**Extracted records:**
·····

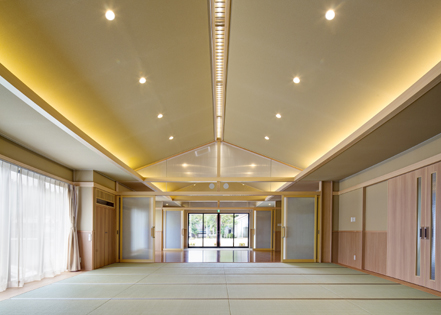 ・内部の集会室は、中央で間仕切りが可能な形とし、2室を同時に使用する時、又、少人数の会議の時など、多用途な会議にフレキシブルに使用できる間取りとしている。
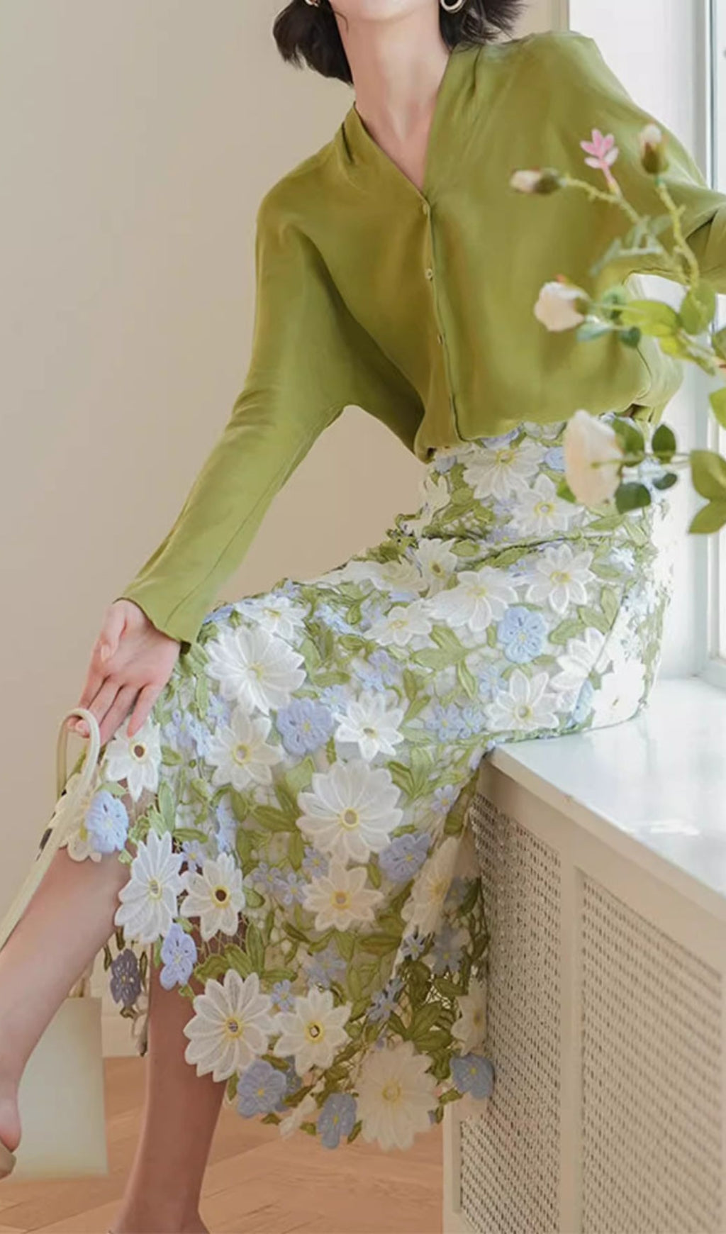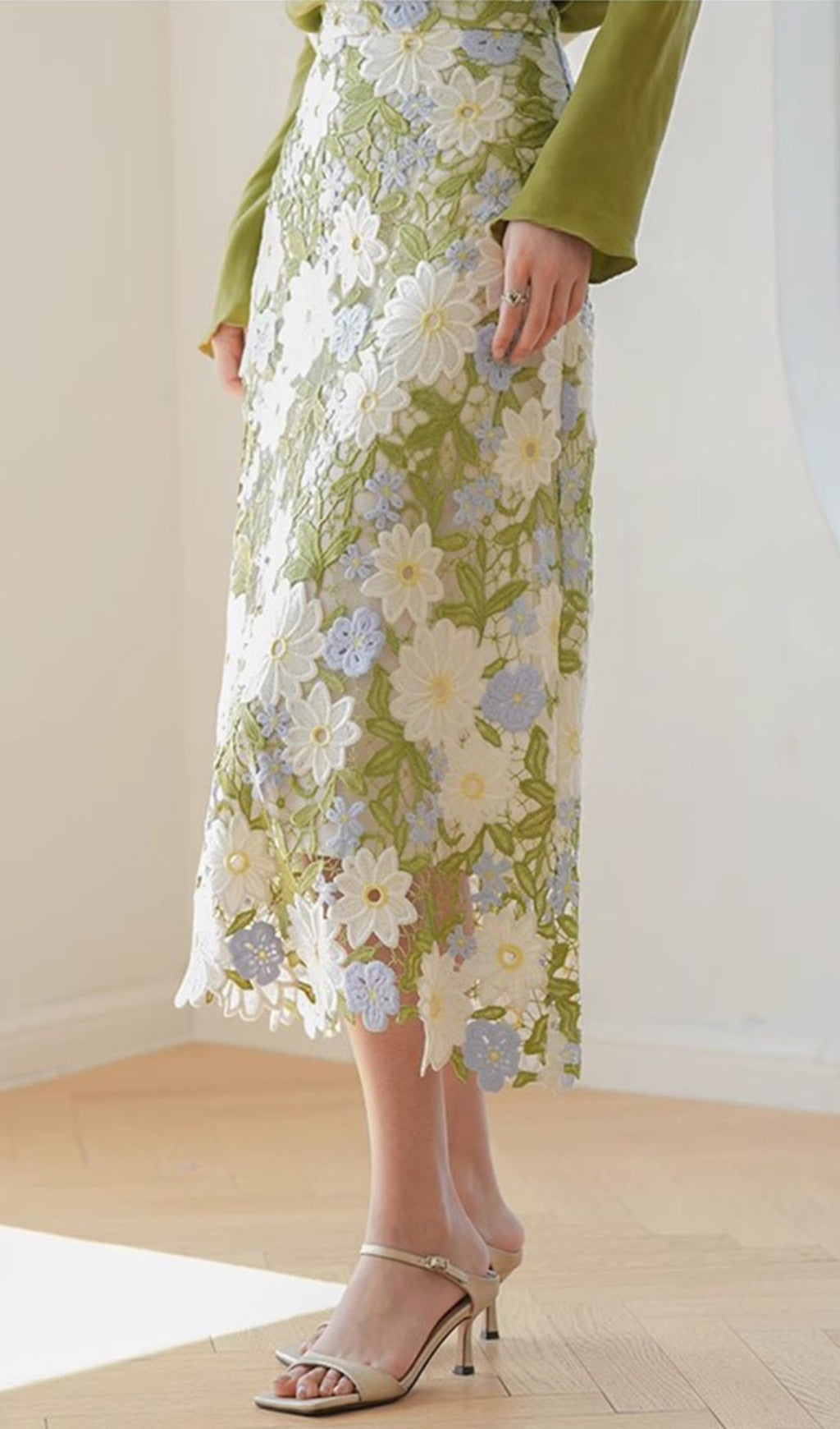Get in touch with your feminine side with the AMMA GREEN FLORAL SKIRT! Blooming with style, this skirt features a subtle floral pattern that will make you stand out. Pair it with a simple top for an effortlessly chic look. Show off your fashion sense without taking yourself too seriously.
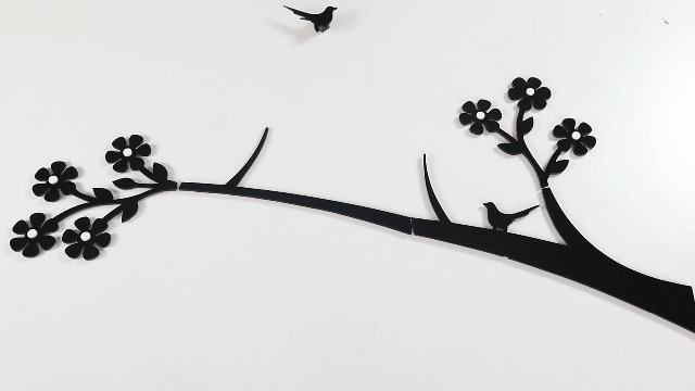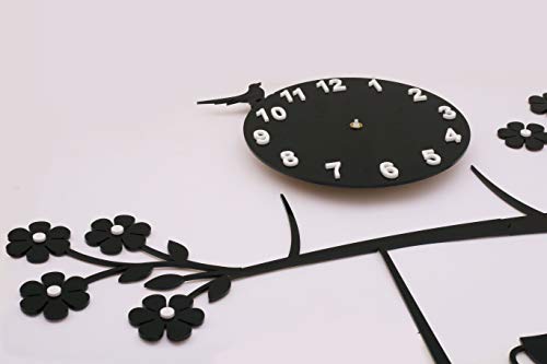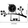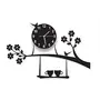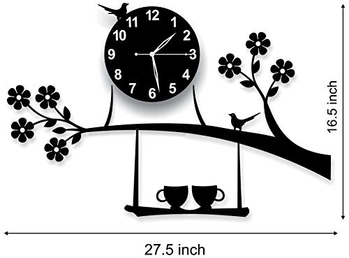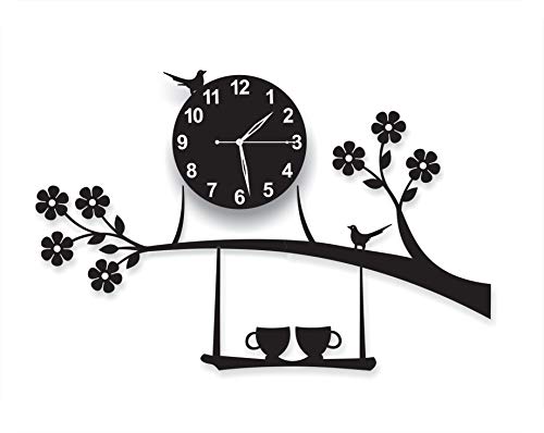 invision1 Plastic 3D Acrylic Tree Birds Coffee Cup On Jhula Design Wall Clock (Black 69.9 x 41.9 x 1.3 cm)
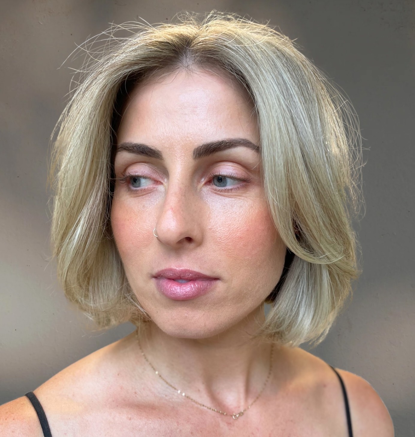 Bangs aren’t always necessary to flatter the face, as this example shows. A razored blonde lob can build body around your face and look effortlessly chic, especially if you ask your hairdresser to put in some extra feathered face-framing layers.
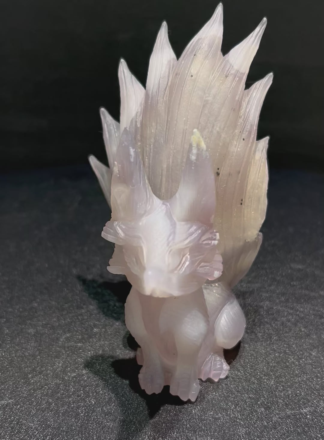 神秘と守護をもたらす、ブラジル産 瑪瑙 九尾の狐 彫り物
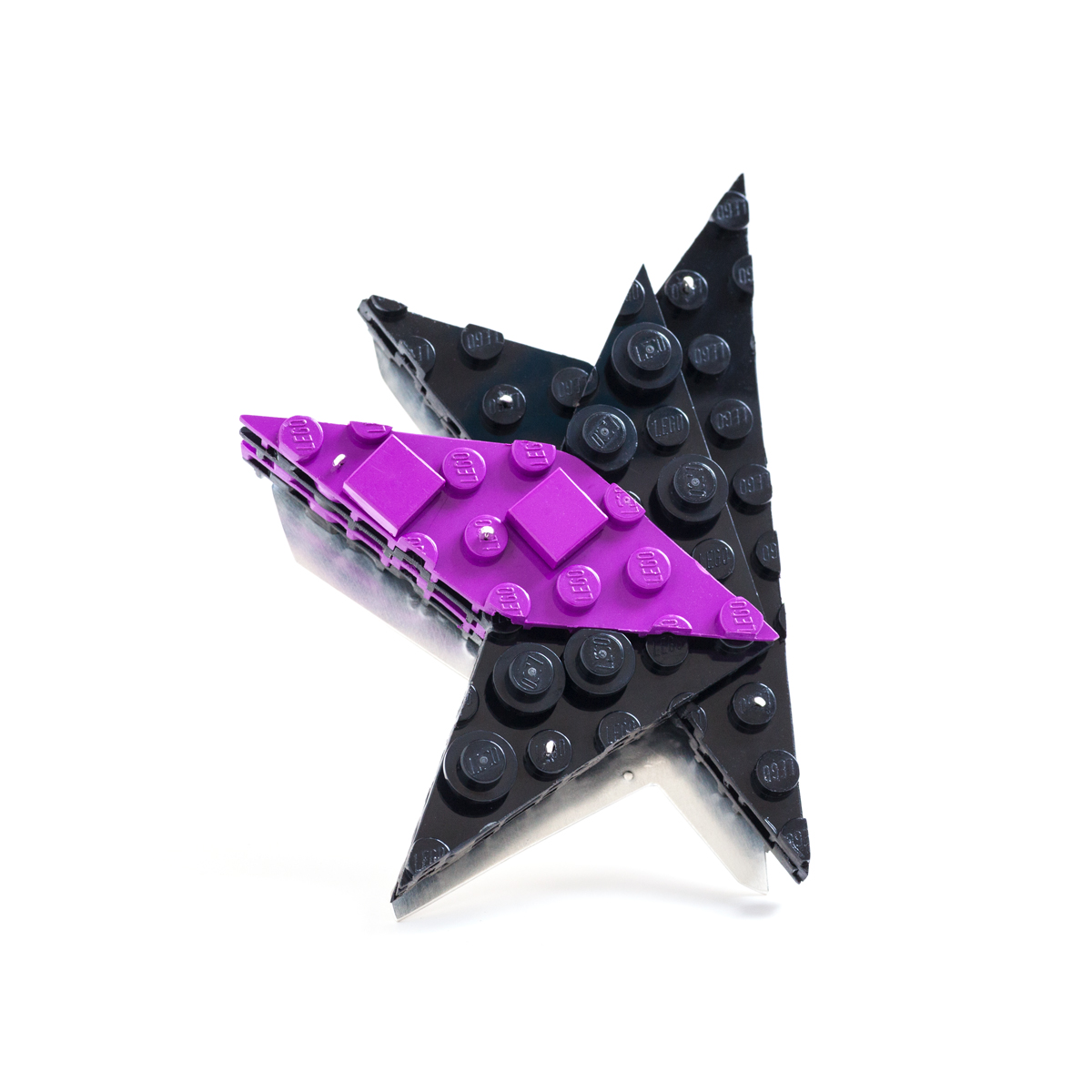 repurposed LEGO®, fine silver back plate, Argentium silver, stainless steel pin

·····

**Your objective:**
The answer should consist of all the records, duplicated exactly, with no images included.

**Exercise response:**
 ・内部の集会室は、中央で間仕切りが可能な形とし、2室を同時に使用する時、又、少人数の会議の時など、多用途な会議にフレキシブルに使用できる間取りとしている。
Get in touch with your feminine side with the AMMA GREEN FLORAL SKIRT! Blooming with style, this skirt features a subtle floral pattern that will make you stand out. Pair it with a simple top for an effortlessly chic look. Show off your fashion sense without taking yourself too seriously.
 invision1 Plastic 3D Acrylic Tree Birds Coffee Cup On Jhula Design Wall Clock (Black 69.9 x 41.9 x 1.3 cm)
 Bangs aren’t always necessary to flatter the face, as this example shows. A razored blonde lob can build body around your face and look effortlessly chic, especially if you ask your hairdresser to put in some extra feathered face-framing layers.
 神秘と守護をもたらす、ブラジル産 瑪瑙 九尾の狐 彫り物
 repurposed LEGO®, fine silver back plate, Argentium silver, stainless steel pin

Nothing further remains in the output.